Manuka Honey and diabetes

Manuka Honey and Diabetes

Manuka honey has gained attention for its potential benefits in managing diabetic foot ulcers (DFU), which can have serious consequences for individuals with diabetes. In this article, we will explore the effectiveness of Manuka honey dressing (HD) in the management of DFU through a meta-analysis study. We will examine the existing literature and discuss the findings related to wound healing rate and wound healing time.


Diabetic foot ulcers (DFU) are a common complication of diabetes, leading to infection and lower extremity amputations. They have a significant impact on the quality of life and can be financially burdensome for individuals. While various strategies have been employed to treat DFUs, wound care plays a crucial role in their management. Honey dressing, specifically Manuka honey, has shown promise in promoting wound healing and preventing infection.

Literature Examination

A comprehensive literature examination was conducted until January 2023, resulting in the appraisal of 1794 linked studies. The selected studies included 882 subjects with DFUs, with 424 using HD and 458 using a control.

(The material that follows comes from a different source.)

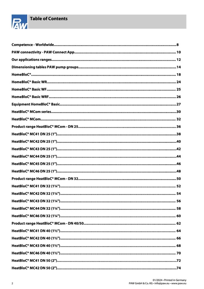 Dimensioning tables PAW pump groups....................................................................................................14

The effect of HD on DFUs was assessed using odds ratio (OR) and 95% confidence intervals (CIs) through dichotomous and continuous styles with fixed or random models.


The analysis revealed that HD applied to DFUs resulted in a significantly higher wound healing rate (OR, 2.06; 95% CI, 1.45‐2.93, P < .001) and lower wound healing time (MD, −10.42; 95% CI, −16.27‐ −4.58, P < .001) compared to the control. These findings suggest that HD can effectively promote wound healing in DFUs.


DFUs can have severe consequences for individuals with diabetes, leading to infection and amputations. The clinical efficacy of various strategies for treating DFUs, including HD, is still subpar. However, the meta-analysis conducted in this study provides evidence supporting the use of HD in managing DFUs.

Manuka honey, with its acidic pH and high osmolality, has antibacterial properties that can prevent microbial reproduction and limit the growth of germs. It also contains hydrogen peroxide, which fights infection and aids in wound healing. Additionally, honey can stimulate macrophages and enhance the activity of B- and T-lymphocytes, promoting wound healing and antibacterial activity. The broad-spectrum antibacterial activity of honey makes it effective against various bacterial strains.


The meta-analysis study confirms the effectiveness of HD in promoting wound healing and reducing healing time in DFUs. While the findings are promising, it is important to consider the limitations of the included studies, such as small sample sizes. Further research with larger and more homogeneous samples is needed to validate these findings and explore the potential impact of variables such as gender, ethnicity, and age on the effectiveness of HD in managing DFUs.

In conclusion, Manuka honey dressing shows promise as an intervention for the management of DFUs. Its antibacterial properties, stimulation of immune response, and wound healing promotion make it a valuable addition to the treatment of DFUs. Further research is needed to delve deeper into the potential benefits and optimize the use of Manuka honey in managing DFUs.